We can now see that we have 1 document loaded in the doc variable

In [None]:
len(doc)

In [None]:
# Chunk the documents into 200 character chunks using langchain's text splitter "RucursiveCharacterTextSplitter"
text_splitter = RecursiveCharacterTextSplitter(chunk_size=200, chunk_overlap=0)

In [None]:
# split_documents produces a list of all the chunks created
chunks = [p.page_content for p in text_splitter.split_documents(doc)]

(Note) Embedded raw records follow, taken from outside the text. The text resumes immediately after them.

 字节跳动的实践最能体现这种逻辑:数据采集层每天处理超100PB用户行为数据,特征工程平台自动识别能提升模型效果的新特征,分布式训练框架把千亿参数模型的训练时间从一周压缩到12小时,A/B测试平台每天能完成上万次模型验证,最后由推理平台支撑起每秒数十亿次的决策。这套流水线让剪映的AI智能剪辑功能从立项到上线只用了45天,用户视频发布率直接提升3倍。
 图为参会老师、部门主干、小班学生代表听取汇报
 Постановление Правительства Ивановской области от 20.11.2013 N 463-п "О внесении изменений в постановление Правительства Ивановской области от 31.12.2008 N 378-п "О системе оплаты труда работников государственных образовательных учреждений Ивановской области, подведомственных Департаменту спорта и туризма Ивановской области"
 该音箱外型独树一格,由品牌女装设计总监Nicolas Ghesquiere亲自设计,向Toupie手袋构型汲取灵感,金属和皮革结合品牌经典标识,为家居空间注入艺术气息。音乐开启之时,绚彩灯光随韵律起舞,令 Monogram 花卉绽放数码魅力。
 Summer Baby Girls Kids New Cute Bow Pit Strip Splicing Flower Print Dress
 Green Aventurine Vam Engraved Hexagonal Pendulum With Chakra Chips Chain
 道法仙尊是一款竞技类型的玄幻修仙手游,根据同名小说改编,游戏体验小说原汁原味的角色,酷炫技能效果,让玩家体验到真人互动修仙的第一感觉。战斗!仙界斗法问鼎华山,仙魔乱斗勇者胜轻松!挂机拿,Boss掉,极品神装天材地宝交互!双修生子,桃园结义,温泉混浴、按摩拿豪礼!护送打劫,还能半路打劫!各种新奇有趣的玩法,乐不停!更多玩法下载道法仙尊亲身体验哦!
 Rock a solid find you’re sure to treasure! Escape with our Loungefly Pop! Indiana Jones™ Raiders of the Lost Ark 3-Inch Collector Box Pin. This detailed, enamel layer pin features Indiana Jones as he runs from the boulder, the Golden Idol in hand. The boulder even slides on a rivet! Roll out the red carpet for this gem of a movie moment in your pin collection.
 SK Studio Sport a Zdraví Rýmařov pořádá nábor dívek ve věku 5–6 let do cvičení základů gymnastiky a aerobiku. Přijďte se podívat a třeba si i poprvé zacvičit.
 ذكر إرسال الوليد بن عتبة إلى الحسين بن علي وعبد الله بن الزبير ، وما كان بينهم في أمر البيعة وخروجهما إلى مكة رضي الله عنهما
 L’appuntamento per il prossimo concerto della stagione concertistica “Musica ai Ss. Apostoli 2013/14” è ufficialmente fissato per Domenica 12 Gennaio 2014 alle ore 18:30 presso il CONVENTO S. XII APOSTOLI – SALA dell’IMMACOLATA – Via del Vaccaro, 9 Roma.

The single document is now split into many chunks

In [None]:
len(chunks)

In [None]:
tokenized_chunks = []
for chunk in chunks:
  inputs = tokenizer(chunk, padding=True, truncation=True, return_tensors="pt")
  tokenized_chunks.append(inputs)

Show first chunk of State of Union speech

In [None]:
chunks[0]

Show the token that was made from this chunk.

In [None]:
tokenized_chunks[0]

Interesting detail: Unless you force it to split at a specific boundary, the `RecursiveCharacterTextSplitter` class from LangChain attempts to split at an 'acceptable' boundary. This results in chunks that are about the size of our chunksize.

Here we see the length of the first chunk

In [None]:
len(chunks[0])

But you can see that not all the chunks are the same size!

In [None]:
for chunk in chunks:
  print(len(chunk))